[TASK STATEMENT]:
Every entry is to be returned as it stands, apart from the pictures.

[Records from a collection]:
☆ ☆ ☆ ☆ ☆ ☆ ☆

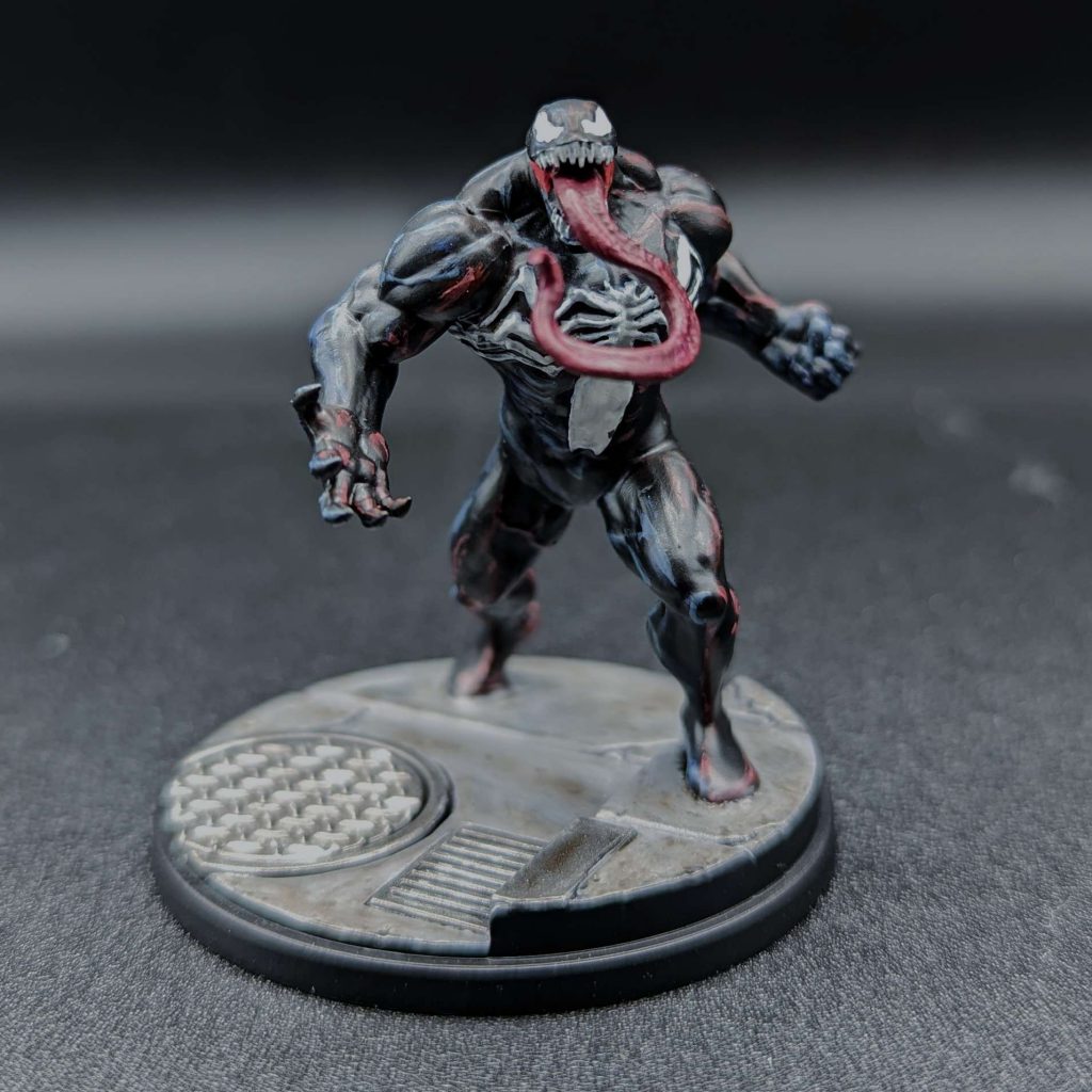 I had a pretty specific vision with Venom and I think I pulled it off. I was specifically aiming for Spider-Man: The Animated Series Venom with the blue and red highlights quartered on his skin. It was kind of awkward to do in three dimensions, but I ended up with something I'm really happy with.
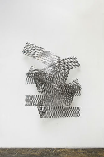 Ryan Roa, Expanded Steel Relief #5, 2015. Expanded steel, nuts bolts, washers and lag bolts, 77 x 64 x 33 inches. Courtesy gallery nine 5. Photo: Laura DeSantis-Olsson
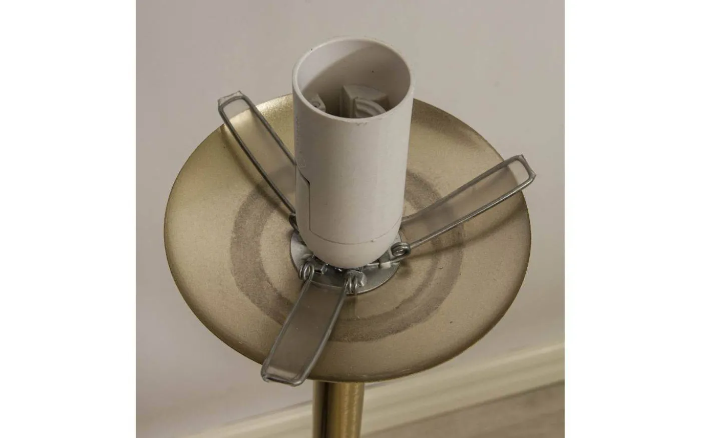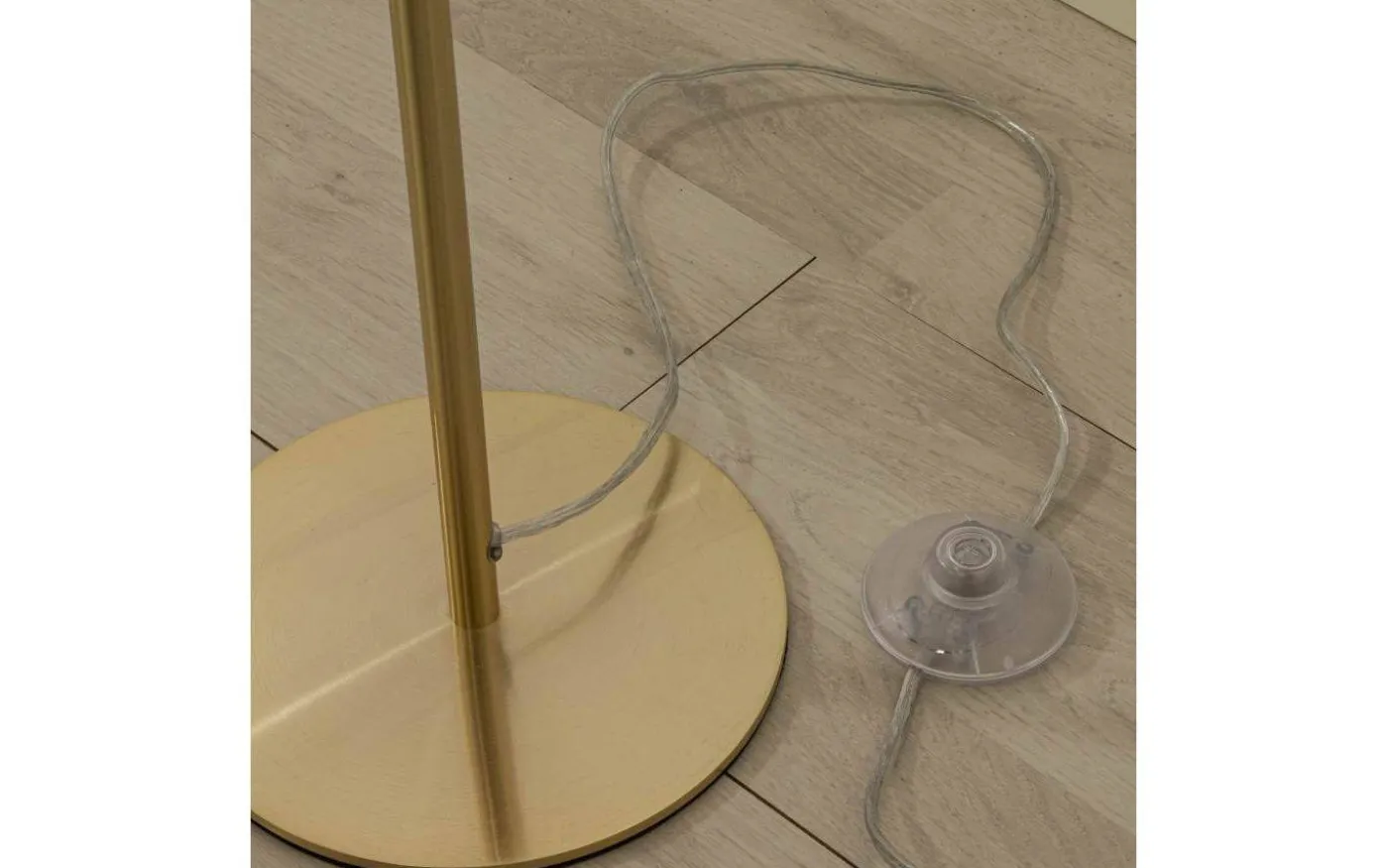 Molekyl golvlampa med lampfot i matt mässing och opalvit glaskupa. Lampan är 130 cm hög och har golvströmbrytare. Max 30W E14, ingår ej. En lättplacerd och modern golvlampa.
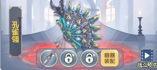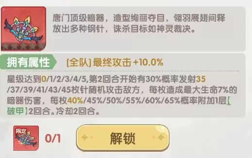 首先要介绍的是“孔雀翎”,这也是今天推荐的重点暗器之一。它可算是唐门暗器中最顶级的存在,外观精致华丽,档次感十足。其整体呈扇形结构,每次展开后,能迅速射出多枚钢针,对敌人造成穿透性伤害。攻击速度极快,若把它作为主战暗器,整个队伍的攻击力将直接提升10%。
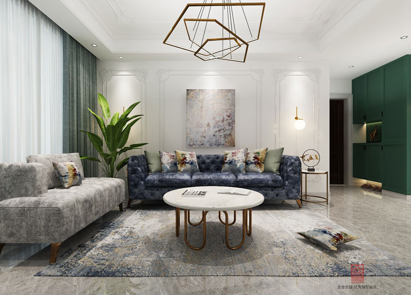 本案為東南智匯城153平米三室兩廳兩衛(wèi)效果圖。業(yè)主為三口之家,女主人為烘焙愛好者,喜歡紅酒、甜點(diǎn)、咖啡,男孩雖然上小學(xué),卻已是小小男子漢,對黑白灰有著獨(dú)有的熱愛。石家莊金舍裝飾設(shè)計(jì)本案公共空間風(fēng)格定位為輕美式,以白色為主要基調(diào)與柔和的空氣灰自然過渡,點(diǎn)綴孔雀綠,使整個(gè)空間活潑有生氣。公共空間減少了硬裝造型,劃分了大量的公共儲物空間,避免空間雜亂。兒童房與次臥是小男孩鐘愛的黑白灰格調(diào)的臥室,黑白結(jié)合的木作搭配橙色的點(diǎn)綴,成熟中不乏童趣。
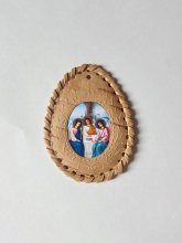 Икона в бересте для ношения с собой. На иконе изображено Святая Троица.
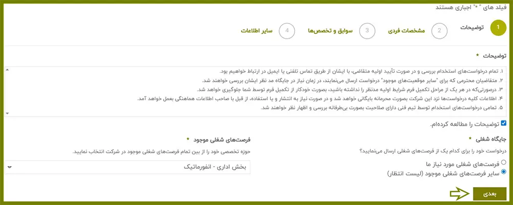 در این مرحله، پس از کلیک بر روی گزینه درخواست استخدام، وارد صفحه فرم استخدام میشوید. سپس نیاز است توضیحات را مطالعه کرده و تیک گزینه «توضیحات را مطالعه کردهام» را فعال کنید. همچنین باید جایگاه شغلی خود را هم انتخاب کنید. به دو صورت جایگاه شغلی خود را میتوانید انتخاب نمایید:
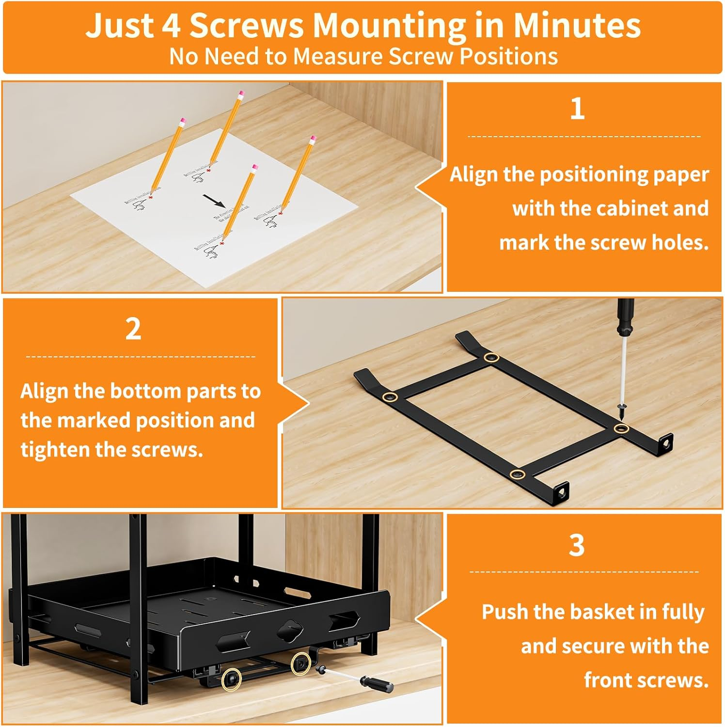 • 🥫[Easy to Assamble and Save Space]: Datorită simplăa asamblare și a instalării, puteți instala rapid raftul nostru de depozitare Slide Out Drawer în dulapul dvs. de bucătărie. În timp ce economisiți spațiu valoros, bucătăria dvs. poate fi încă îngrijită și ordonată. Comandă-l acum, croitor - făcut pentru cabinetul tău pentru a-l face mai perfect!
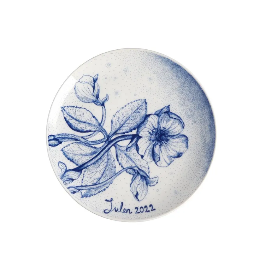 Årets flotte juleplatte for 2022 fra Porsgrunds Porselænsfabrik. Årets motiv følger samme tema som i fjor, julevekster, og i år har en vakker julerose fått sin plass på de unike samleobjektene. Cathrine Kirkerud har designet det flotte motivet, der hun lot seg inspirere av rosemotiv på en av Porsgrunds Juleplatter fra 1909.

☆ ☆ ☆ ☆ ☆ ☆ ☆

[SOLUTION TO THE EXERCISE]:
 I had a pretty specific vision with Venom and I think I pulled it off. I was specifically aiming for Spider-Man: The Animated Series Venom with the blue and red highlights quartered on his skin. It was kind of awkward to do in three dimensions, but I ended up with something I'm really happy with.
 Ryan Roa, Expanded Steel Relief #5, 2015. Expanded steel, nuts bolts, washers and lag bolts, 77 x 64 x 33 inches. Courtesy gallery nine 5. Photo: Laura DeSantis-Olsson
 Molekyl golvlampa med lampfot i matt mässing och opalvit glaskupa. Lampan är 130 cm hög och har golvströmbrytare. Max 30W E14, ingår ej. En lättplacerd och modern golvlampa.
 首先要介绍的是“孔雀翎”,这也是今天推荐的重点暗器之一。它可算是唐门暗器中最顶级的存在,外观精致华丽,档次感十足。其整体呈扇形结构,每次展开后,能迅速射出多枚钢针,对敌人造成穿透性伤害。攻击速度极快,若把它作为主战暗器,整个队伍的攻击力将直接提升10%。
 本案為東南智匯城153平米三室兩廳兩衛(wèi)效果圖。業(yè)主為三口之家,女主人為烘焙愛好者,喜歡紅酒、甜點(diǎn)、咖啡,男孩雖然上小學(xué),卻已是小小男子漢,對黑白灰有著獨(dú)有的熱愛。石家莊金舍裝飾設(shè)計(jì)本案公共空間風(fēng)格定位為輕美式,以白色為主要基調(diào)與柔和的空氣灰自然過渡,點(diǎn)綴孔雀綠,使整個(gè)空間活潑有生氣。公共空間減少了硬裝造型,劃分了大量的公共儲物空間,避免空間雜亂。兒童房與次臥是小男孩鐘愛的黑白灰格調(diào)的臥室,黑白結(jié)合的木作搭配橙色的點(diǎn)綴,成熟中不乏童趣。
 Икона в бересте для ношения с собой. На иконе изображено Святая Троица.
 در این مرحله، پس از کلیک بر روی گزینه درخواست استخدام، وارد صفحه فرم استخدام میشوید. سپس نیاز است توضیحات را مطالعه کرده و تیک گزینه «توضیحات را مطالعه کردهام» را فعال کنید. همچنین باید جایگاه شغلی خود را هم انتخاب کنید. به دو صورت جایگاه شغلی خود را میتوانید انتخاب نمایید:
 • 🥫[Easy to Assamble and Save Space]: Datorită simplăa asamblare și a instalării, puteți instala rapid raftul nostru de depozitare Slide Out Drawer în dulapul dvs. de bucătărie. În timp ce economisiți spațiu valoros, bucătăria dvs. poate fi încă îngrijită și ordonată. Comandă-l acum, croitor - făcut pentru cabinetul tău pentru a-l face mai perfect!
 Årets flotte juleplatte for 2022 fra Porsgrunds Porselænsfabrik. Årets motiv følger samme tema som i fjor, julevekster, og i år har en vakker julerose fått sin plass på de unike samleobjektene. Cathrine Kirkerud har designet det flotte motivet, der hun lot seg inspirere av rosemotiv på en av Porsgrunds Juleplatter fra 1909.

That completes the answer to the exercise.